* STORED DATA:
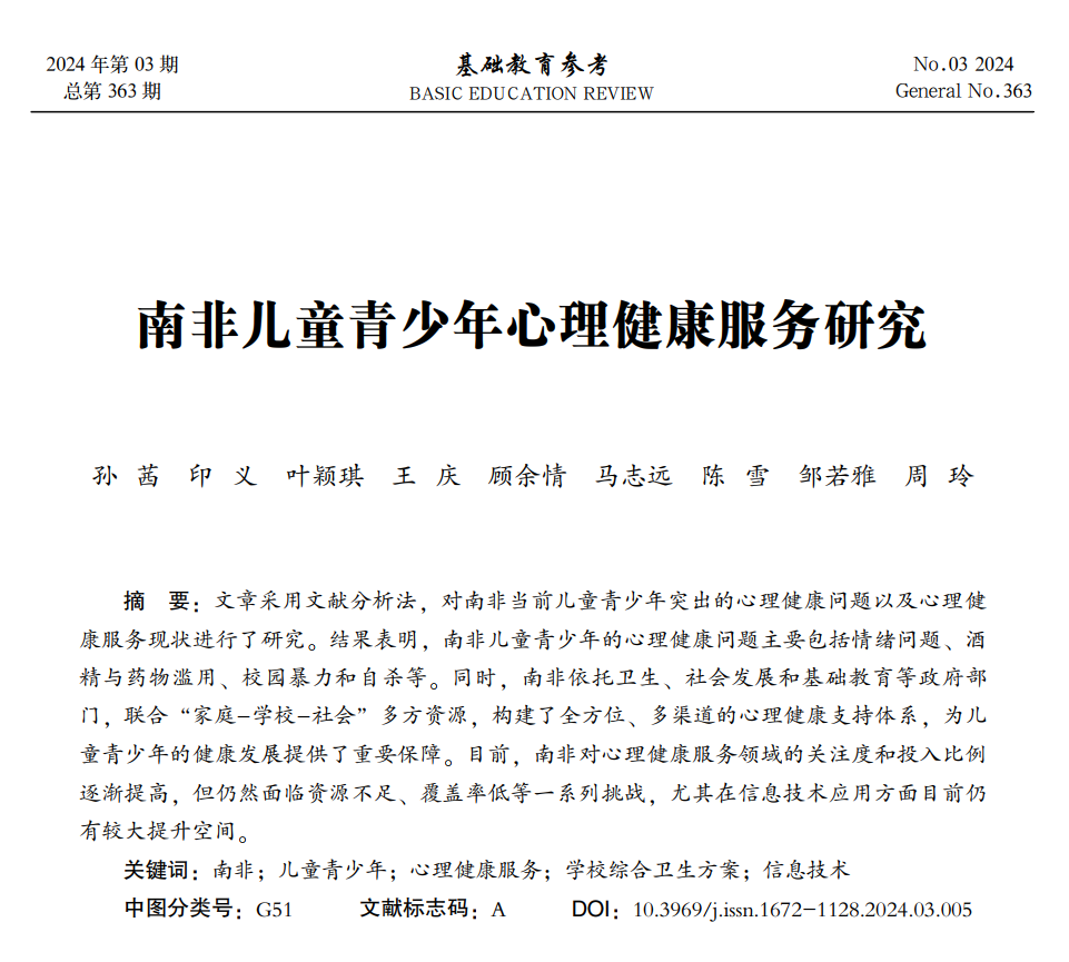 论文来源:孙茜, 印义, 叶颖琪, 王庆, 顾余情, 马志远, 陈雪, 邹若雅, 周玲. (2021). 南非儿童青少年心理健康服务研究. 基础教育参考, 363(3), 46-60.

...

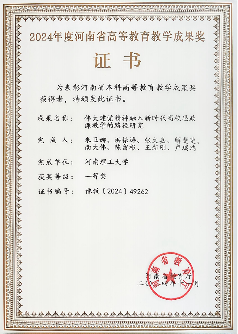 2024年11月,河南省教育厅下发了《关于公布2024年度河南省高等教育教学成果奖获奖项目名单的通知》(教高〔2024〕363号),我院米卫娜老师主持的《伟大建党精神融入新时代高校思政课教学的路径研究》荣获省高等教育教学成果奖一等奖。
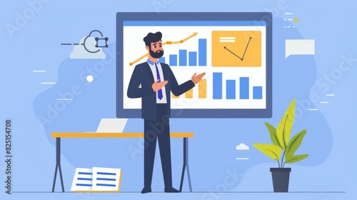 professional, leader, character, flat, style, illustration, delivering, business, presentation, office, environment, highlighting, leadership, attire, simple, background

* WHAT IS EXPECTED:
What is wanted is an exact copy of the lines above from the one containing "2024年11月,河南省教育" through the one containing "attire, simple, background", with no pictures in it.

* YOUR RESPONSE:
 2024年11月,河南省教育厅下发了《关于公布2024年度河南省高等教育教学成果奖获奖项目名单的通知》(教高〔2024〕363号),我院米卫娜老师主持的《伟大建党精神融入新时代高校思政课教学的路径研究》荣获省高等教育教学成果奖一等奖。
 professional, leader, character, flat, style, illustration, delivering, business, presentation, office, environment, highlighting, leadership, attire, simple, background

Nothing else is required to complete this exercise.